Sunday is the wrong day to wait for an email.
I know this. The email I sent Thursday afternoon would not get a response on a weekend. The people who might respond are going to do it Monday or Tuesday, when they are back in their inboxes and something surfaces and they have a minute to reply. Checking on a Sunday is not waiting. It is just refreshing for its own sake. I know this, and I checked once this morning anyway. The habit does not care about logic.
What I did after that was open the unnamed document.
This is the document I have been adding to since June. Eight stories and a note from a 2017 meeting I added last week. I do not call it anything. I do not know what I would call it. I just keep going back to it, and it keeps having more in it than I remember, and I always feel slightly caught out when I open it, like I walked into a room and found more furniture than I thought I owned.
The stories are about a pattern. Specifically: the pattern of seeing something early in a client conversation or a meeting or a dinner, and holding the observation quietly while the situation still had time to go differently. Then watching it go exactly the way I had seen it would go. The document is eight versions of that story. I did not know they were the same story until I had written four of them.
At the bottom there are two sentences I cannot finish. I have started them twice. I delete the ending both times.
I spent part of this morning trying to understand what I am waiting to know.
The first sentence starts with something about what the noticing is for. The stories are about seeing things early. They are not about what you do with what you see. I have not written that part, because I am not sure I know the answer. Maybe you see things clearly and the seeing is the value, and that is all there is to say. Maybe there is something that comes after the seeing that I have not named yet. I cannot tell from the inside.

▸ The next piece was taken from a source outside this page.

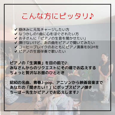 「聞きたい曲をリクエストすると、その場で私、ちーぼー先生ことポップスピアノ弾き山田千春がアレンジしてピアノで演奏する」イベントです。

The second sentence is worse. It starts: “Which is why.” And then I stop. Every time.
I know roughly what the sentence wants to say. It wants to say something about what happens on the other side of this. What the noticing pattern does when the person doing the noticing is no longer inside an institution that hands her things to notice. Whether the pattern survives the absence of the container. I think the honest version of the sentence is something like: I do not know yet. Which is not really a sentence you can end a document with, if the document is supposed to be about how something works.
So the sentences sit there. I come back, look at them, close the document.
What I did instead of finishing the sentences was put something in August. Not a calendar entry, not yet. A note: August 4, first Tuesday, pick the next name, write the email. I have been calling August the month I reach out to the rest of the list since sometime in July, which is the kind of plan that sounds like a plan and isn’t until there is a date in it. August 4 is not yet in my calendar. It is in a note. I know the difference. But it is more specific than the word “August,” which is what I had before.
The gap between a note and a calendar entry is smaller than it used to feel. I cannot tell you exactly when that changed.
The two sentences are still at the bottom of the document. I will go back to them. What I cannot yet answer is whether I am waiting to learn what I need before I write them, or whether writing them is part of how I learn it. I suspect the second. I am not ready to test the theory.
Fifteen Sundays now. My mother is not going to ask first.